The title contains two useful anchors. First, it calls this a regression and references #47027 and v2.1.92. The reporter believes Anthropic fixed a similar issue before, then shipped it again in v2.1.111. Second, the phrase “malware reminder on every Read” matters because Read is one of Claude Code’s highest-frequency operations. If every file read appends a security warning into context, the cost damage has two layers. Tokens grow directly, and the subagent’s behavior distribution shifts. The article gives no token delta per Read, so I will not invent the bill. But managed coding agents can run tens or hundreds of file reads on a serious task. A repeated warning is not just prompt clutter; it changes both invoice size and refusal behavior.
I am sensitive to this class of bug because coding-agent competition has moved past the demo phase. Cursor, Claude Code, OpenAI’s Codex-style tooling, and GitHub Copilot’s agent mode are all fighting for the same developer loop. Model quality still matters, but the failures users remember often sit in tool protocols, permission boundaries, context compaction, retries, and recovery. Claude 3.5 Sonnet earned real goodwill with coding. The later Sonnet line kept that reputation alive. But if a basic Read call keeps reintroducing a high-priority malware warning, the model’s coding ability is beside the point. The agent starts treating “am I handling malware?” as part of the task. Refusal becomes a product behavior, not a model oddity.
Anthropic’s safety-heavy posture is not the issue. The issue is using coarse natural-language reminders to steer tool behavior inside an agentic workflow. LLMs do not treat high-priority text like a traditional ACL. They interpret it semantically. If every Read says “malware,” the warning will not only fire on actual malware reverse-engineering. It can bleed into normal repos containing payload fixtures, suspicious strings, binary names, exploit tests, or security scanners. To a safety team, that is conservative. To a paying user, the agent has been hijacked by its own guardrail. Managed agents make this worse. A human can edit context, rerun, or steer around a refusal. A managed subagent can wedge the whole queue.
I do have doubts about the evidence here. The scraped body is mostly GitHub chrome. The HN snapshot shows 40 points and 10 comments, which is tiny. There is no reproduction repo, no log excerpt, no command sequence, no before-and-after run on v2.1.92 versus v2.1.111, and no maintainer response in the provided text. “Wastes user money” and “bricks managed agents” are strong claims. The article does not prove broad impact.

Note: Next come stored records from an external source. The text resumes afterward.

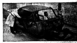
UNIBODY Construction: frame flows into the body, makes it twice as strong, twice as quiet—surrounds you with silent strength.

Pure automobile—built to be what you want a car to be. You'll know that the moment you see one. You'll know it even more the minute you take the wheel. They're coming soon. Watch for them.
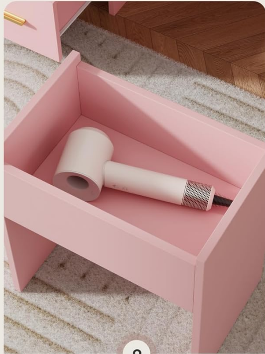
Desktop Drawer & Metal Handle
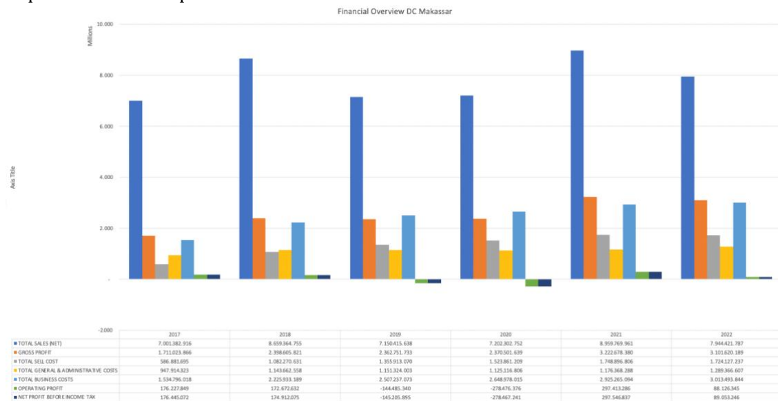
Figure 1 Financial Overview of DC Makassar
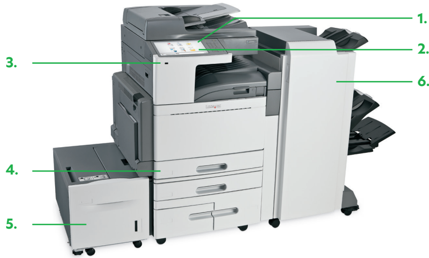
Lexmark XS955dhe color MFP with optional booklet finisher and 2,000-sheet high capacity feeder
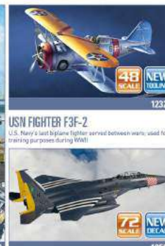
USN FIGHTER F3F-2 U.S. Navy's last biplane fighter served between wars; used for training purposes during WWII.
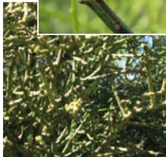
Stiff cherry in flower (left) and fruit (above)

If you continue on to Cumborah and Grawin (60km) you will pass a good example of spinifex/ironbark woodland 3.6 kilometres north of Cumborah.
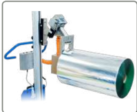
Expand&Turn - Pneumatic expander, turing operated electrically
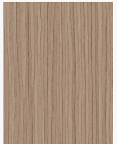
5126 DAKOTA WOOD
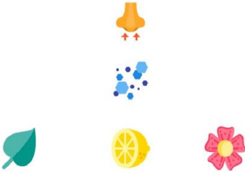
Figure 2: olfactory Training consists of sniffing items with high density molecules such as roses, lemons, cloves, or eucalyptus for 20 seconds each, twice a day for \geq 3 months. Patients who have an altered sense of smell due to COVID-19 infection have shown benefit through the use of this regimen
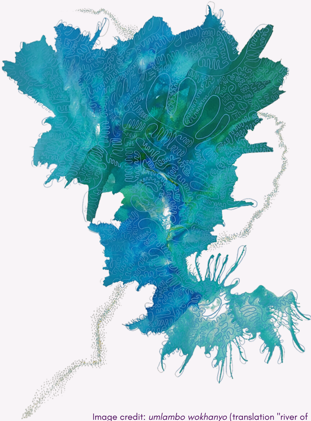
Image credit: umlambo wokhanyo (translation "river of light") by Sisonke Papu // KHNYSA

"This work is an on-going exploration of 'izithunywa zendalo: amanzi' (messenger of Nature: water (element)), and centralizes the fluidity of breath. The river of light can also be considered as the energy system that runs through our nervous system, which in turn represents the veins in plants and river systems both above and below the Earth."
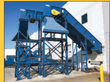
Mayfran Conveyor (Outside View)
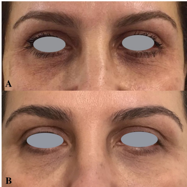
Fig. 2 Improvement of periorbital wrinkles: (a) before treatment; (b) 1 year after last treatment
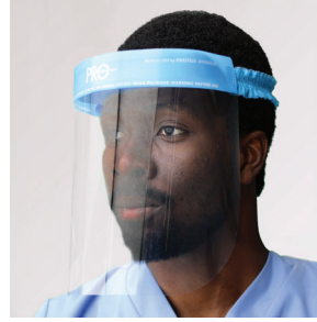
FM89030 Face Shield, XL Length, Foam Top, Elastic Headband
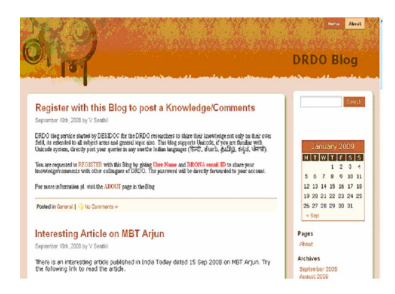
Figure – 2 Schematic of DRDO Blog on DRDO Intranet

The DRDO blog is powered by Word Press 2.0. The software is having MySql as back-end and PHP as front-end running on Red hat Linux server. It supports themes, so any time its look and feel can be changed without loss of any data. The archives of posting/comments are also maintained month wise.
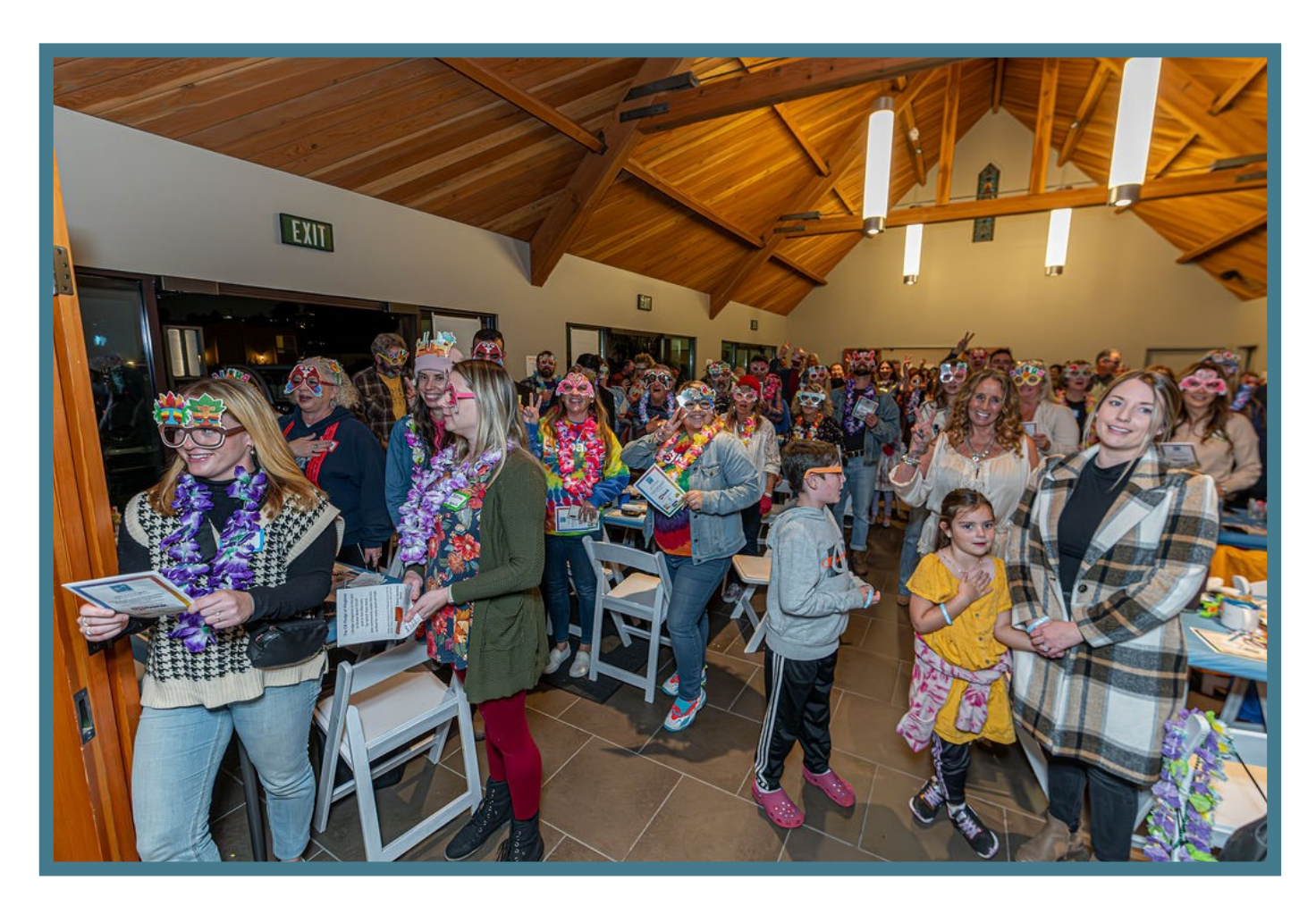
OB Pledge of Allegiance

A great time was had by all! We loved having the event at St. Peter's by the Sea. It's a beautiful facility. A big thank you to everyone who volunteer. A special shout out to those who stayed and cleaned up after the event.

The safer read is: the title gives version numbers, issue references, Read calls, and subagent refusal as locating details; the body does not give conditions or blast radius.
Still, this belongs on an AI practitioner’s radar because it exposes a product debt I keep seeing: agent vendors ship safety policy as prompt patching instead of as a testable control system. A serious fix would include regression metrics. Same repo, same task, same Read sequence, run on v2.1.92 and v2.1.111. Compare refusal rate, tool-call count, input-token growth, task completion, and recovery rate. The article has none of that. Anthropic should publish those numbers if it wants users to trust the fix. A plain “fixed” reply is weak when the reporter’s core claim is that the earlier fix did not hold.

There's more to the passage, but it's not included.